Description of the task => Look in the listing below for the line that has "Four Flight, Barr", then return it and each following line up to and including the one with "УЦЕНКА Алмазная вышивка", exactly and without pictures.

Task inputs =>
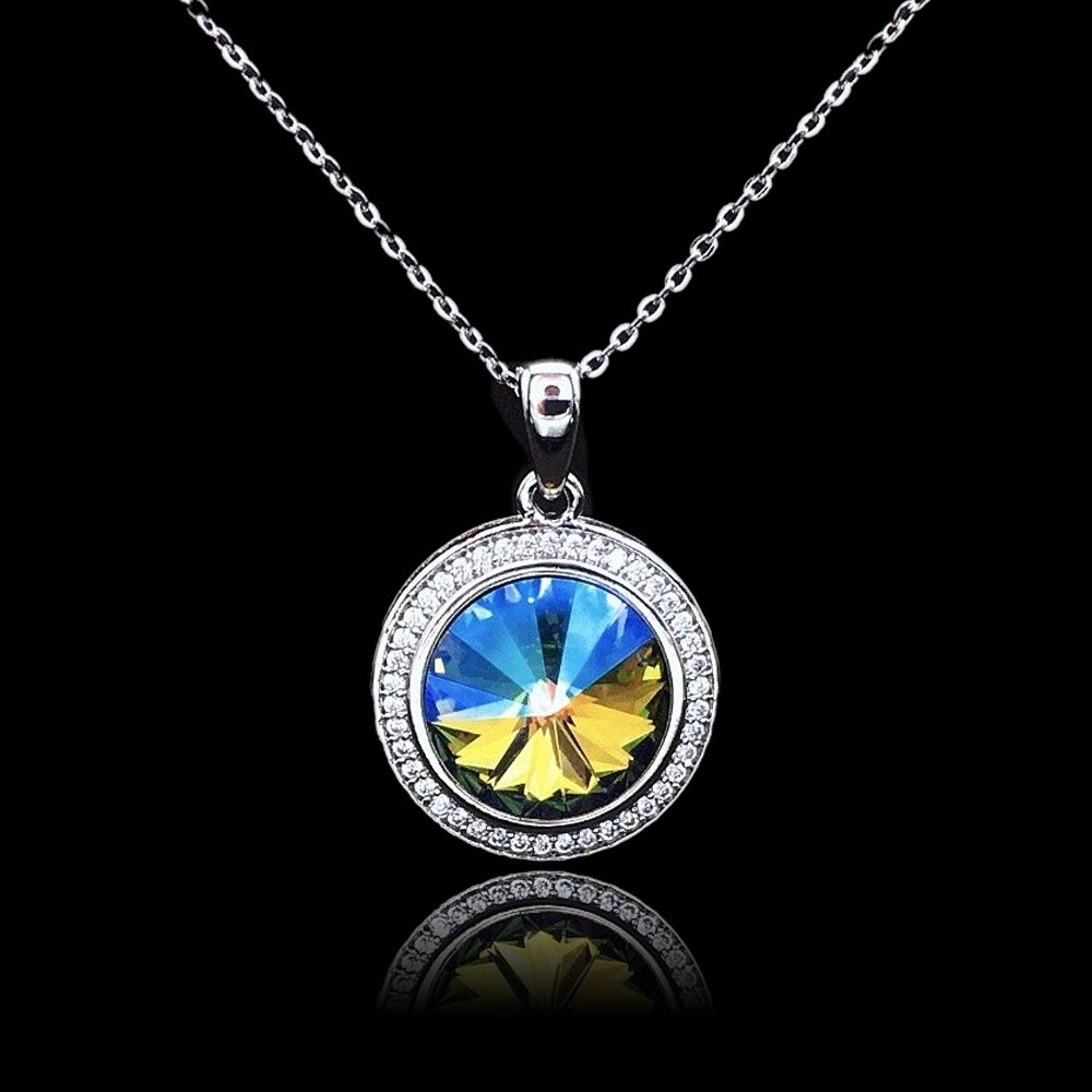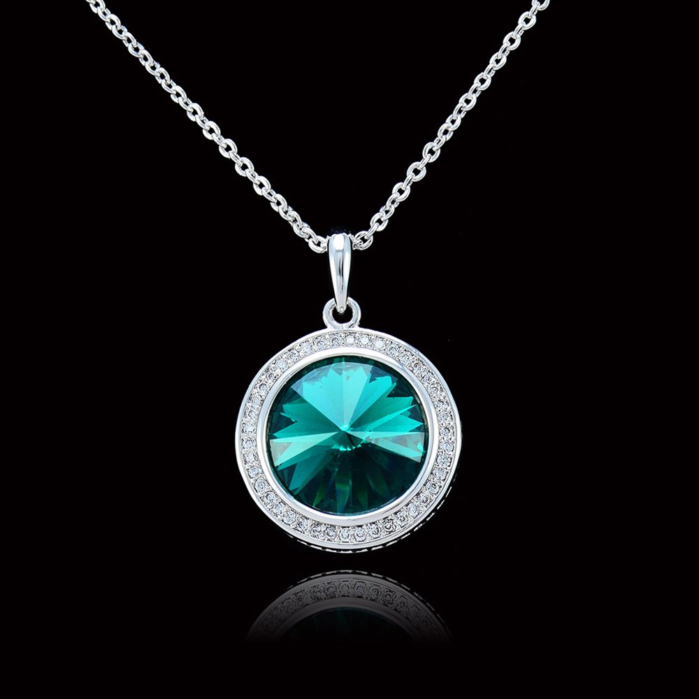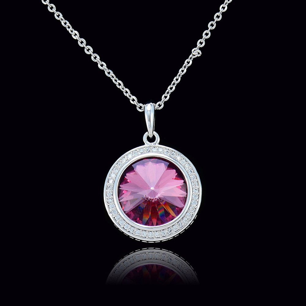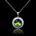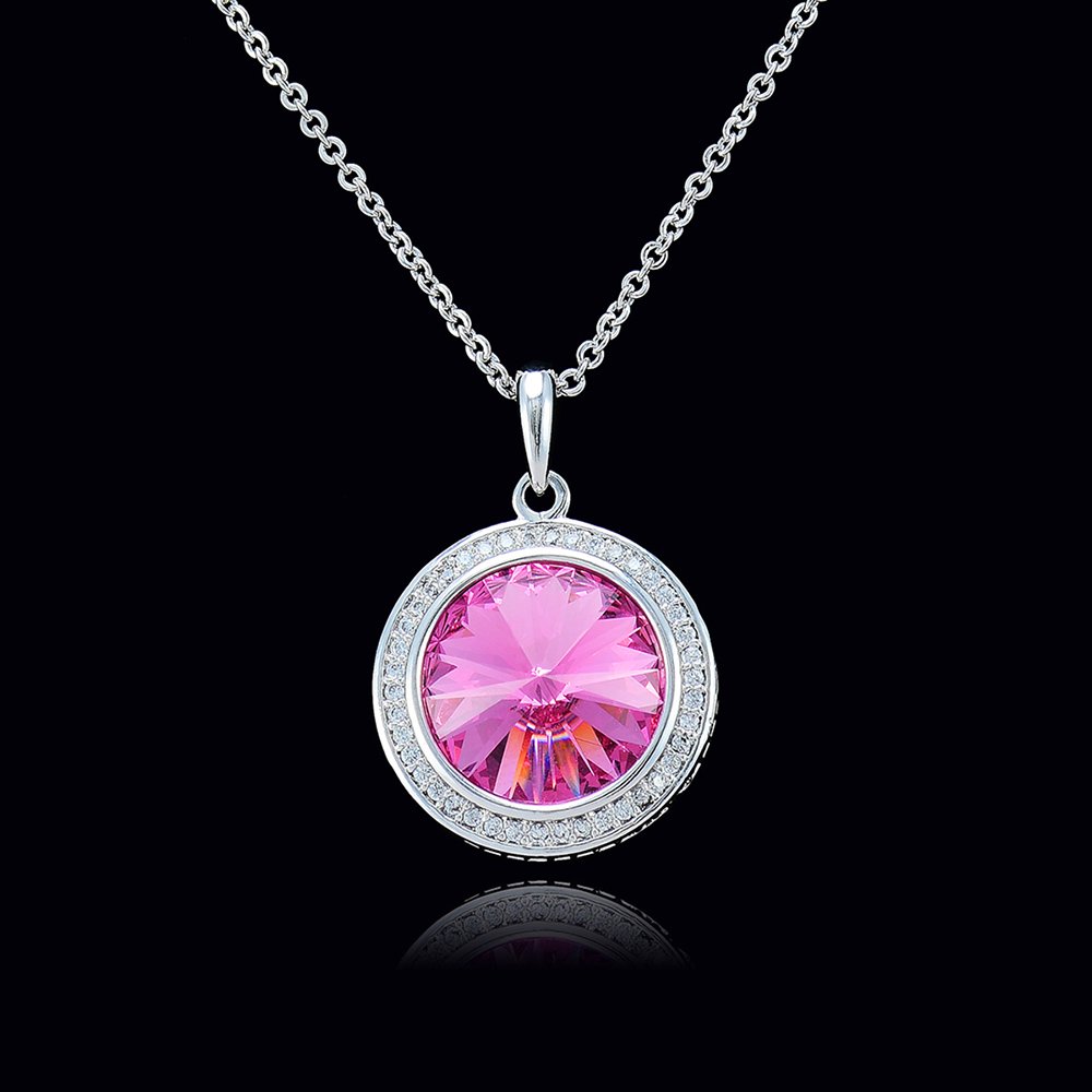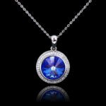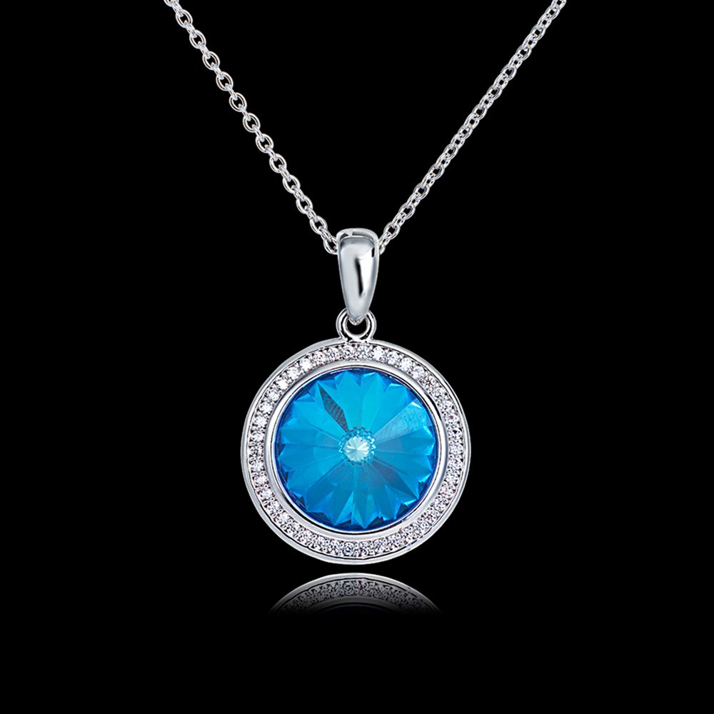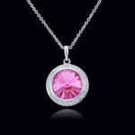 Our Swarovski element necklace wholesale features round stones on platinum-plated copper, offering a dazzling, luxurious accessory for daily wear, parties, and weddings. No MOQ, free shipping worldwide.
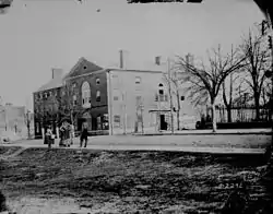 In late December, 1861, the elder Van Camp was imprisoned as a suspected spy in downtown Washington in the Old Capitol Prison. Van Camp was released from custody on parole in March 1862[13] after signing an oath of allegiance to the Union.[14]
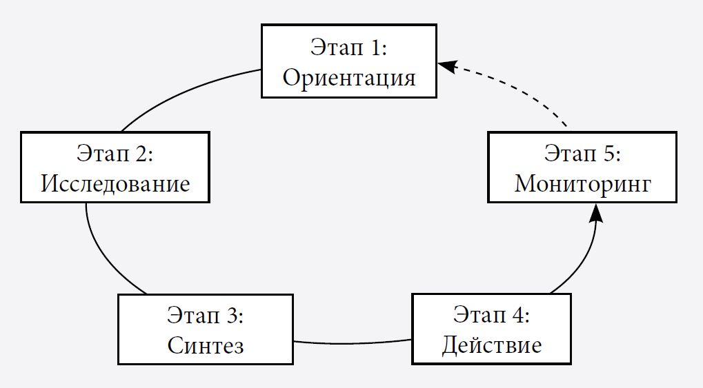 Сценарное планирование — один из наиболее распространенных типов Форсайт-исследований, нашедший свое применение и в нефтехимической промышленности в силу сложности и нелинейности динамики ее развития (Rubio et al., 2023; Guivarch et al., 2017; Khosala et al., 2021; Parajuli, 2015; Matsumoto,Voudouris, 2015; Paltsev, 2014). При разработке сценариев будущего иранской нефтехимической отрасли нами был применен комплексный подход. В структурном отношении исследование следует модели Глобальной бизнес-сети (Global Business Network, ГБС) (Scearce, Fulton, 2004), включающей пять основных этапов: ориентацию, исследование, синтез, действие и мониторинг (рис. 2).
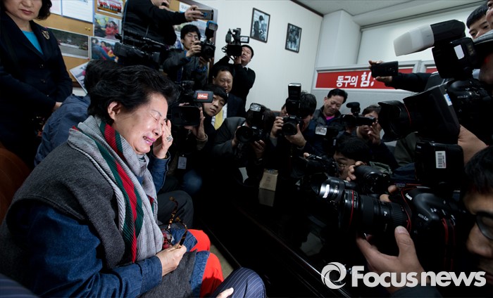 (대구=포커스뉴스) 20대 총선 후보자 등록일 하루 전인 23일 오후 대구 동구 용계동 유승민 의원 선거사무소에서 한 지지자가 유 의원의 새누리당 공천 보류를 안타까워하며 눈물을 흘리고 있다.
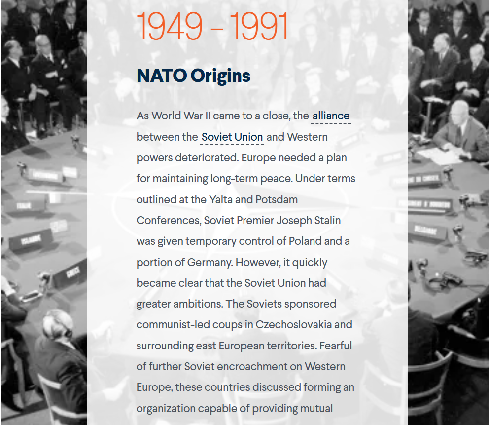 Μετά το τέλος του Β’ Παγκοσμίου Πολέμου, η σχέση μεταξύ της Σοβιετικής Ένωσης και των άλλων Συμμαχικών δυνάμεων επιδεινώθηκε. Ως αποτέλεσμα, οι Ηνωμένες Πολιτείες, ο Καναδάς και μια ομάδα δέκα ευρωπαϊκών χωρών οργανώθηκαν για μια νέα γεωπολιτική πραγματικότητα. Το 1949, δημιούργησαν τον Οργανισμό του Βορειοατλαντικού Συμφώνου (NATO), μια συμμαχία για τη διατήρηση μιας ελεύθερης, ολοκληρωμένης και δημοκρατικής Ευρώπης. Το NATO ιδρύθηκε ιδιαίτερα για να αντιμετωπίσει την αυξανόμενη επιρροή της Σοβιετικής Ένωσης.
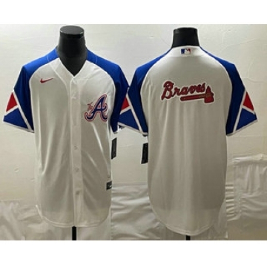 >Men's Atlanta Braves Big Logo White 2023 City Connect Cool Base Stitched Jersey
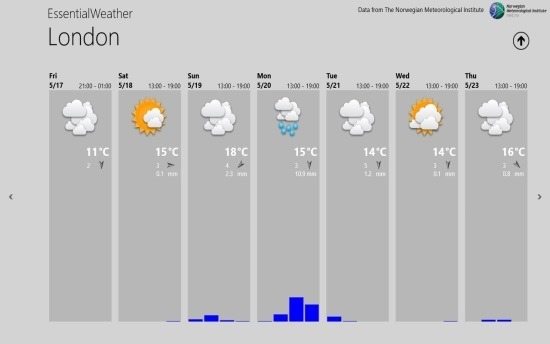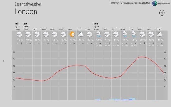 This Windows 8 weather app is fast and fluid, and it is quite light weight: just under a MB. Essential Weather provides you with the weather details in 7 days overview or 48 hour overview. The 48 hour overview provides you with detailed graphs that plot the average, max, and min temperature.
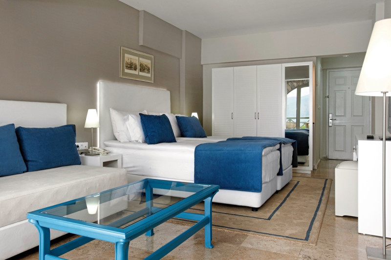 • Klimaanlage • Balkon (je nach Zimmerkategorie) • Haartrockner • Sitzecke (je nach Zimmerkategorie) • Minikühlschrank • Minibar • Telefon • Safe • Meerblick (je nach Zimmerkategorie) • Schlafsofa • Terrasse • Fernseher (Sat-TV) • rollstuhlgerechte Zimmer (auf Anfrage) • WiFi (kostenfrei) • Bergblick • Schallisolation
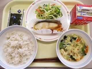 麦ごはん・牛乳・焼き海苔・魚の西京焼き・野菜のごま和え・かきたま汁
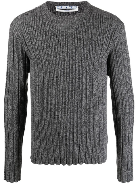 grey cotton-wool blend signature Arrows motif ribbed knit round neck long sleeves straight hem
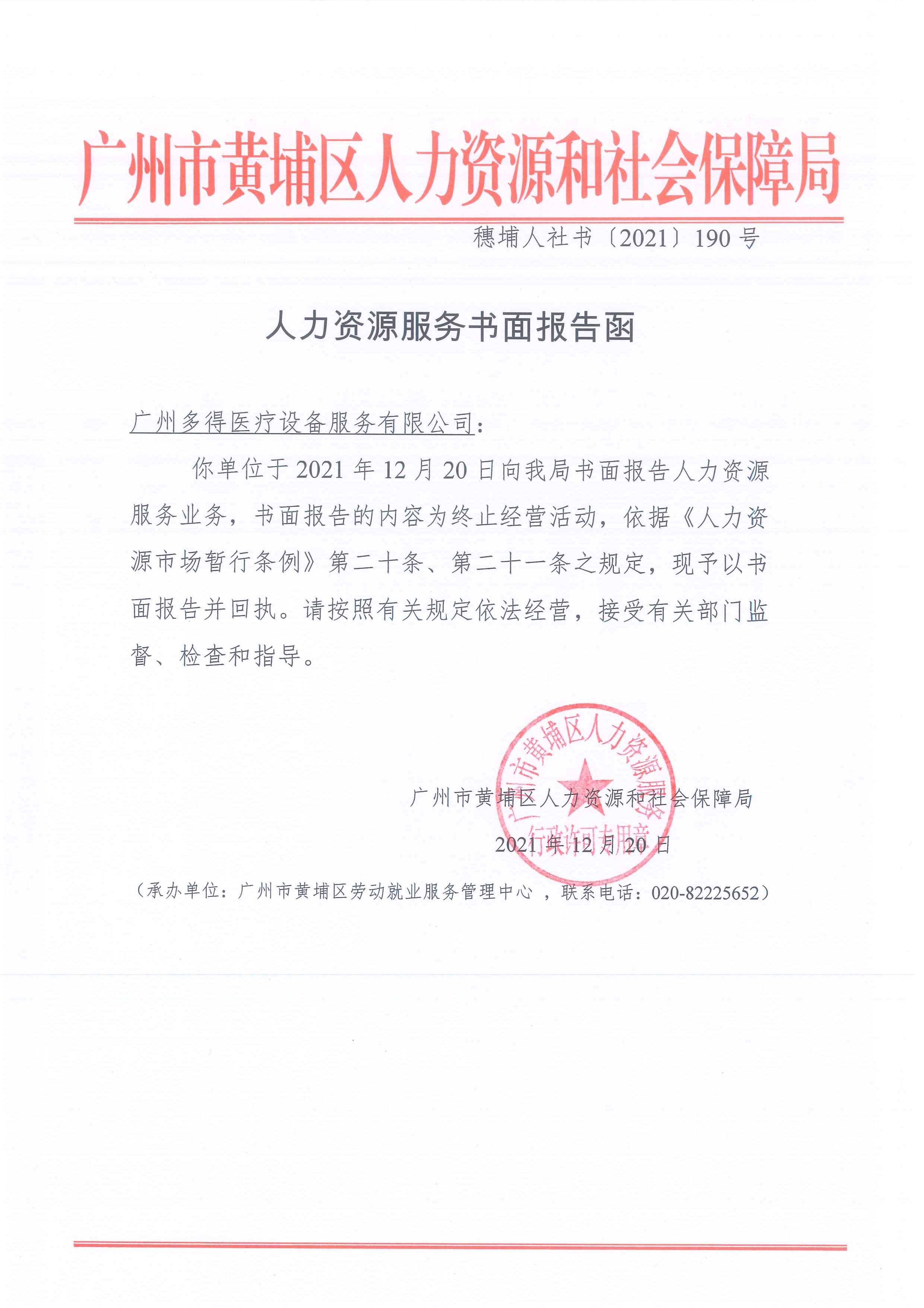 廣州多得醫療設備服務有限公司人力資源服務書麵報告
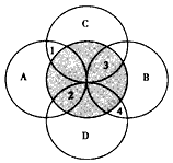 1、单选题  下图各圆中,A和B,C和D是并列关系,阴影圆和其他圆是交叉关系,完成1—2题。
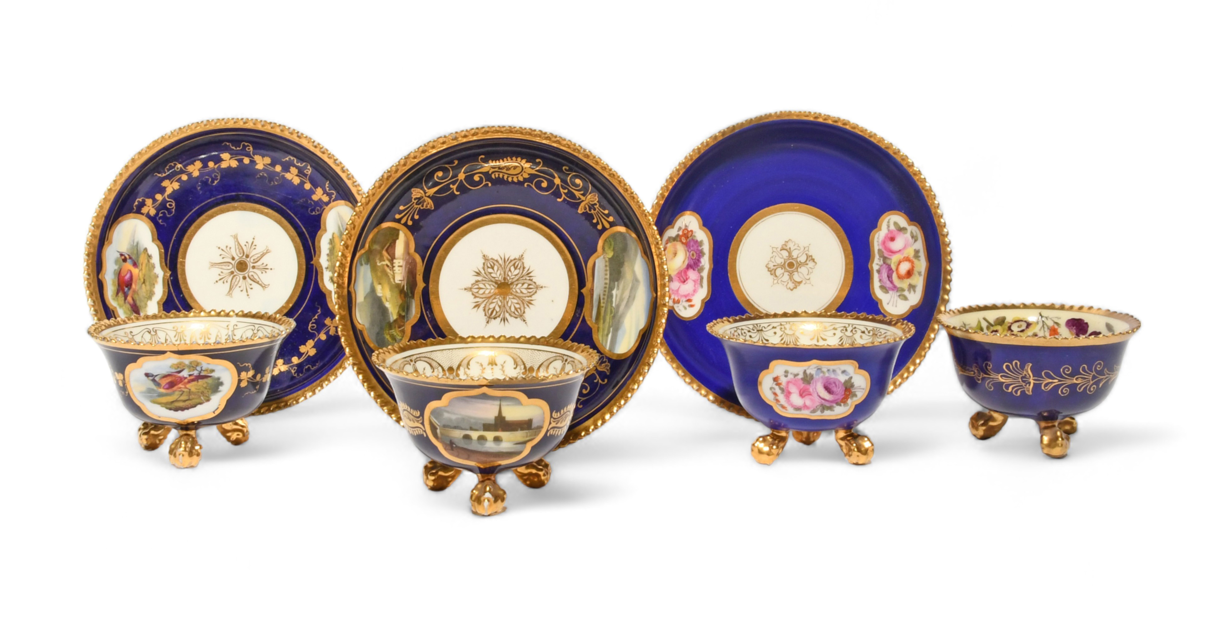 Four Flight, Barr and Barr toy-sized cabinet teabowls and three stands, c.1825, variously decorated with birds, flowers and landscapes reserved on blue ground, the teabowls raised on paw feet, printed marks to the stands, some damages, 10.7cm. (7)
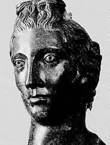 Bronze head of the Celtic Goddess, Rosmetra, wife of Mercury. German sculpture, circa 250 BC.
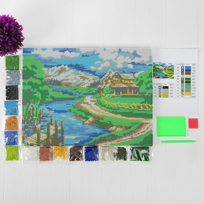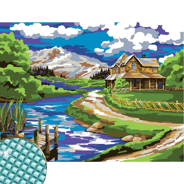 УЦЕНКА Алмазная вышивка с полным заполнением на раме «Домик у реки» 30×40 см 10 фото
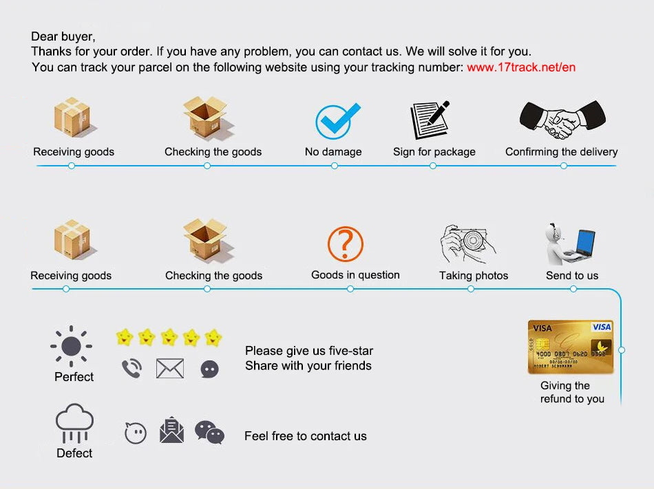 • Expédition Rapide : Toutes les commandes sont traitées et expédiées depuis notre entrepôt sous 24 à 48 heures ouvrables.Délais de Livraison : Une fois expédié, votre colis arrive généralement sous 3 à 7 jours ouvrables, selon votre localisation.Suivi de Commande : Dès que votre commande quitte notre entrepôt, vous recevrez automatiquement un e-mail contenant votre numéro de suivi pour consulter l'acheminement de votre colis en temps réel.Emballage Soigné : Nous apportons un soin particulier à l'emballage pour garantir que vos produits arrivent en parfait état.
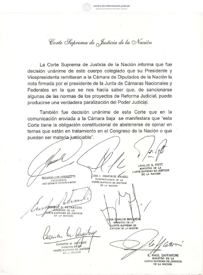 "La Corte Suprema de Justicia de la Nación informa que fue decisión unánime de este cuerpo colegiado que su presidente y su vicepresidente -Elena Highton- remitieran a la Cámara de Diputados de la Nación la nota firmada por el presidente de la Junta de Cámaras Nacionales y Federales en la que se nos hacía saber que, de sancionarse algunas de las normas de los proyectos de reforma judicial, puede producirse una verdadera paralización del Poder Judicial".
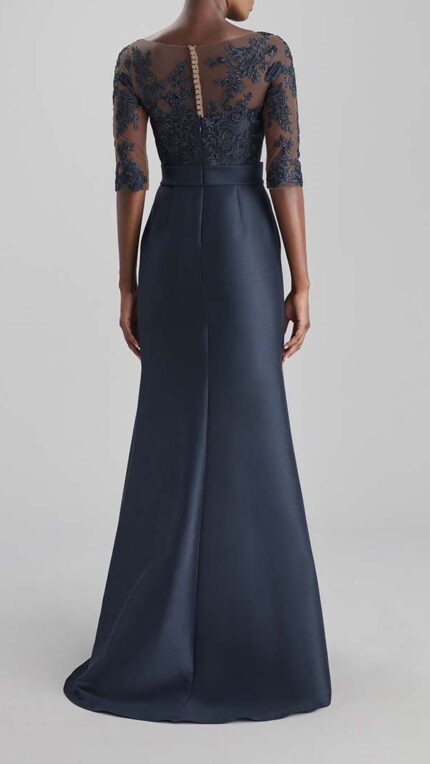 Abito Pronovias The Party edit mikado e corpetto trasparente in pizzo con taglio a sirena

The completed task =>
 Four Flight, Barr and Barr toy-sized cabinet teabowls and three stands, c.1825, variously decorated with birds, flowers and landscapes reserved on blue ground, the teabowls raised on paw feet, printed marks to the stands, some damages, 10.7cm. (7)
 Bronze head of the Celtic Goddess, Rosmetra, wife of Mercury. German sculpture, circa 250 BC.
 УЦЕНКА Алмазная вышивка с полным заполнением на раме «Домик у реки» 30×40 см 10 фото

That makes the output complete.